## Source data
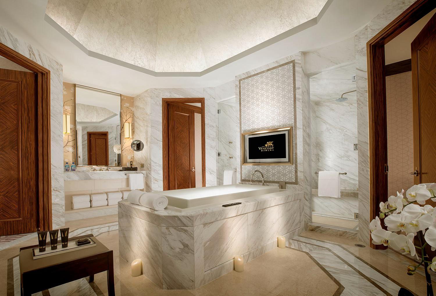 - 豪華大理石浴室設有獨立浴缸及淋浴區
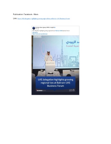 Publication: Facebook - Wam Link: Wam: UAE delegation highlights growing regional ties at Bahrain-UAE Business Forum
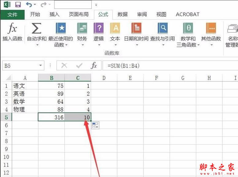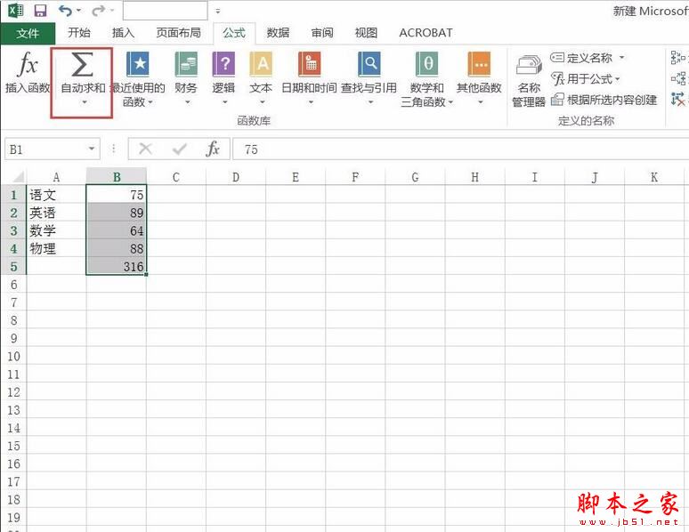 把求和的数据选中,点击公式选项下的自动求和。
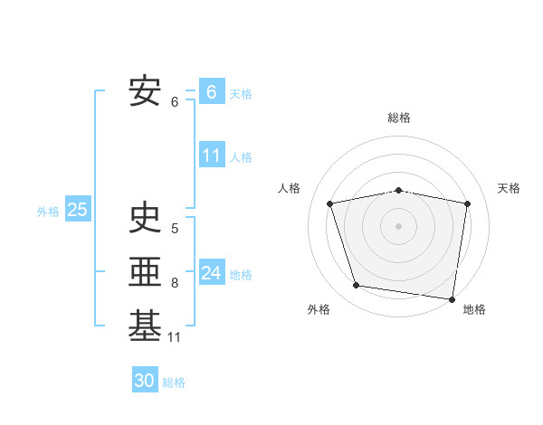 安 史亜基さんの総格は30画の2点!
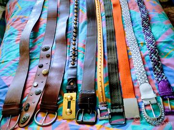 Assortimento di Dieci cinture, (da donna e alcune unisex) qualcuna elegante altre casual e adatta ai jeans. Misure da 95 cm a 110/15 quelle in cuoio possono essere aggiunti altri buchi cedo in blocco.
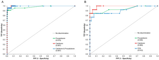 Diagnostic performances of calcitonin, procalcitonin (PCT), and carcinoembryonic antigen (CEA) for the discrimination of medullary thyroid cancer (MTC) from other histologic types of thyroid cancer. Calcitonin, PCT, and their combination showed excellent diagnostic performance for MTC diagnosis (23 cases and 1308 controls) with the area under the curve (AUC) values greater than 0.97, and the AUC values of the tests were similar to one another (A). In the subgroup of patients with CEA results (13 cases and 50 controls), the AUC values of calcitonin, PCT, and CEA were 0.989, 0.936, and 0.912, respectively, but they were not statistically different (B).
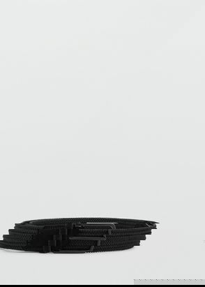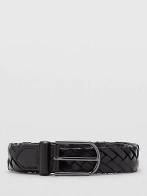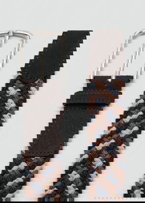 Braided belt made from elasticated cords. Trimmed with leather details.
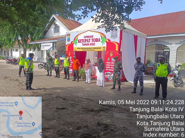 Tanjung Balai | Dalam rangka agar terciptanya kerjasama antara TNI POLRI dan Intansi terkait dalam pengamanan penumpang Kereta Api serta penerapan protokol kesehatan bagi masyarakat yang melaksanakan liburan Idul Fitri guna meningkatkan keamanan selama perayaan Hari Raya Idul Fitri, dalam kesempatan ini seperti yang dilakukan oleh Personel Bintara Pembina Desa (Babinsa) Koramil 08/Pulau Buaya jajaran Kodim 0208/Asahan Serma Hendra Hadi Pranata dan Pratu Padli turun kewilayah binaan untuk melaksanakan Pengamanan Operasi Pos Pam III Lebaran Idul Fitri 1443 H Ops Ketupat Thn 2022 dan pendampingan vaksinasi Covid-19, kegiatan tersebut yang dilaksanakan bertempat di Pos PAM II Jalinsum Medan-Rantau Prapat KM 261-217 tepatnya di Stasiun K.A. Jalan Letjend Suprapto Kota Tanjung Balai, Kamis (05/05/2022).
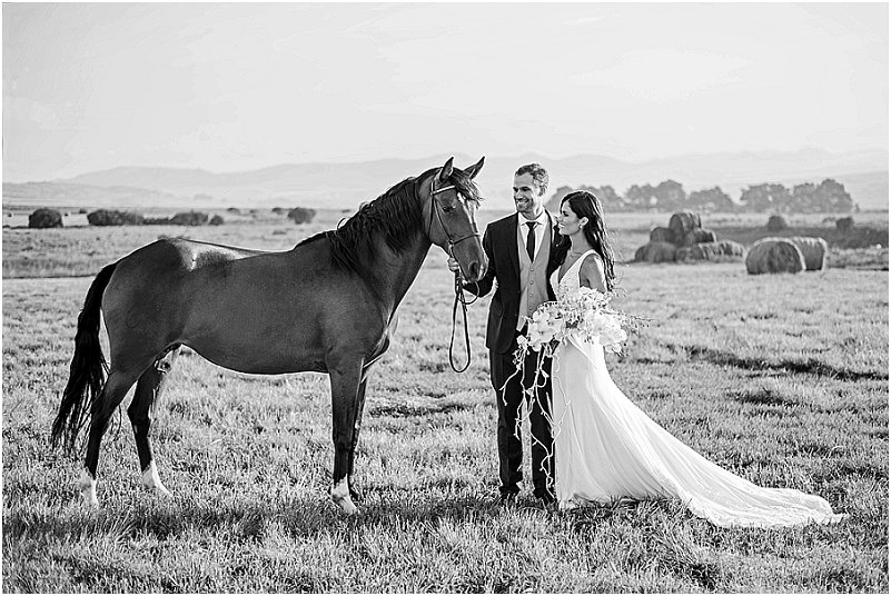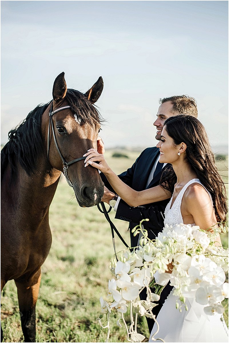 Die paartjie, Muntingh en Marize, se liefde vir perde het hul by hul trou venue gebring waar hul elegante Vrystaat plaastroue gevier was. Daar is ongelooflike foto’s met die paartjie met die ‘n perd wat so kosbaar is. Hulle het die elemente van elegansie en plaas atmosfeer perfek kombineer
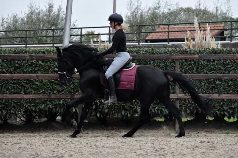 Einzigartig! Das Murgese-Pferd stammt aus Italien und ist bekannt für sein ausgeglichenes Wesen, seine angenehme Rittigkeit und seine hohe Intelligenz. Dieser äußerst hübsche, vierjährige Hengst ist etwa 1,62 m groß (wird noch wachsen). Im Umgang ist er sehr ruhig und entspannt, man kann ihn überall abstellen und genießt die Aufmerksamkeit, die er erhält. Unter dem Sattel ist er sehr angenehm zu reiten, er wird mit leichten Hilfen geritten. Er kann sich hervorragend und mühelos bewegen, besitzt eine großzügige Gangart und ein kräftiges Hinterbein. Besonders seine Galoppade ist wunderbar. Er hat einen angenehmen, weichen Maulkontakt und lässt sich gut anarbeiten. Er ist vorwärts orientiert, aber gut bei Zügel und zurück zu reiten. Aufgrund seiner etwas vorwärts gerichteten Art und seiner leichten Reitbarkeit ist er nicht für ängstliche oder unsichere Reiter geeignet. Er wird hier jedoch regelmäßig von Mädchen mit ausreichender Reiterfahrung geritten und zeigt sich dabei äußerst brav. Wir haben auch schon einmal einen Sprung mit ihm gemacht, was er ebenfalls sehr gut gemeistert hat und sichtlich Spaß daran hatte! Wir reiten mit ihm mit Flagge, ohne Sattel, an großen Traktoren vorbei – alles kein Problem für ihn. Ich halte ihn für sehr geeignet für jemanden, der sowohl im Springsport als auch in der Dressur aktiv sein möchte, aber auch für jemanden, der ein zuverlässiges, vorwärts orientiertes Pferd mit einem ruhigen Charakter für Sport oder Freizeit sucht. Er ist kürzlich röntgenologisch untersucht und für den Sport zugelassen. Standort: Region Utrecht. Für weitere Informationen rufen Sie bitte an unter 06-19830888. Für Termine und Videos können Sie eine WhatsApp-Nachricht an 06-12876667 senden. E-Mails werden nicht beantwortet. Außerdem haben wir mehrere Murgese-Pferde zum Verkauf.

## Task brief
Reproduce word for word, with pictures dropped, only the part of the material above that opens with the line containing "把求和的数据选中,点击公式选项下的自动求和。" and closes with the line containing "Assortimento di Dieci".

## Answer space
 把求和的数据选中,点击公式选项下的自动求和。
 安 史亜基さんの総格は30画の2点!
 Assortimento di Dieci cinture, (da donna e alcune unisex) qualcuna elegante altre casual e adatta ai jeans. Misure da 95 cm a 110/15 quelle in cuoio possono essere aggiunti altri buchi cedo in blocco.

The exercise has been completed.